So I burst into tears and ran away, really upset. When dad found me, I couldn't tell him what she'd said - thought they wouldn't believe me anyway, as they'd decided I was a liar. My stepmother told everyone the fact I ran off meant I was "nutty-looney" (is that a Bristolian phrase?) and proof I was a horrible kid.

When dad married her, she used that against me constantly. Yet I knew damn well she had known her daughter caused it. It felt unjust and painful at the time, to end up with this label of being a nuts kid - for no real reason. But as an adult I look back and realised how truly evil that woman was, doing that to a recently bereaved child, and driving a wedge between me and my dad that never entirely went away again just for the LOLs.

And it's not the benefit of hindsight or anything - I do distinctly recall sensing this was an evil presence, despite trying so hard to like her and be positive. Irony being, I wasn't at all a bad kid.

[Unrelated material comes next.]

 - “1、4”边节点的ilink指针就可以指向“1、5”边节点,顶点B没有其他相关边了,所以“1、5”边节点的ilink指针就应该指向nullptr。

My brother's reaction to her was even stronger - ever since I have trusted his instincts about people mroe than my own.

WellThatsLife · 13/10/2015 16:16

My uncle. I never liked him, always felt uneasy around him then one day I was playing with my cousins when he glanced at me and look in his eyes terrified me, I was only 8 and didn't understand.

Many years later i found out that he had been beating my aunt up through out their marridge and that her death in an accident shortly after she left him may not have been accident although nothing could be proven.

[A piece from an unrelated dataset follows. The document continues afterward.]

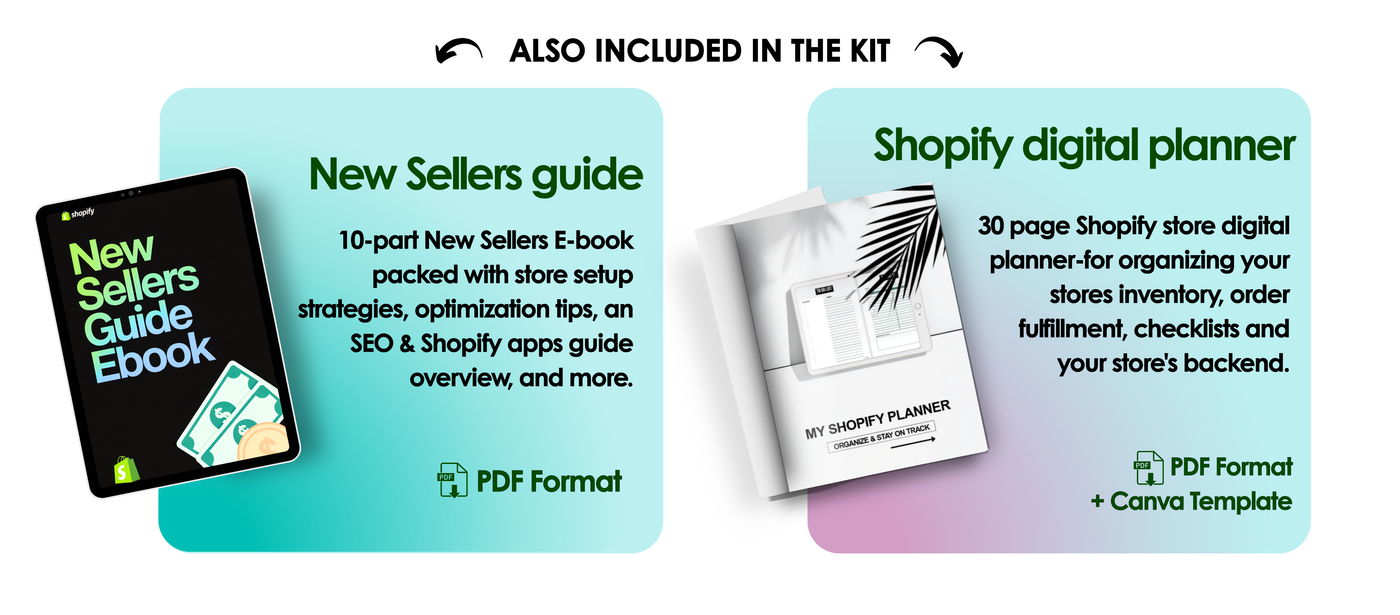 This all-in-one Shopify Starter Bundle is built to give beginners a serious head start. You’ll receive a complete 11 part video-walkthrough to help you set up your store, a powerful 10-part New Sellers E-book packed with store setup strategies and optimization tips, and a 30 page Shopify store digital planner-for organizing your stores inventory, order fulfillment, checklists and your overall store's backend.

My poor cousins had to continue living with him although they both left home as soon as they were old enough and totally disowned him

IrianofWay · 13/10/2015 16:22

People? Nope. There are people I feel uncomfortable around but that is usually just because they have odd boundaries or are themselves quite awkward around others.

Places? Often. Places where I get that real hairs on the back of the neck feeling. I walk and run alone quite often (or with dog) so it isn't just a question of being on my own in the middle of nowhere. I just get away asap.

ijustwannadance · 13/10/2015 17:29

I was in a popular turkish resort with a friend when in late 20's. Pre child/zero sleep I always looked young and was slim and petite. As username suggests i liked a dance and was out on pub crawl along the beach. Crowded area, lots of noise/ etc but outdoor bars. Caught sight of a local guy, late teens/early 20's Completely alone just standing on the beach off the footpath staring at me. Instantly gave me the creeps. Everywhere we went he was there. Just behind a tree or almost out of site. At one point he purposely walked past and bumped into me. Told friend. We casually walked to where the path turned a corner then ran like fuck back to hotel. I don't drink and am always ultra aware especially in unfamiliar places.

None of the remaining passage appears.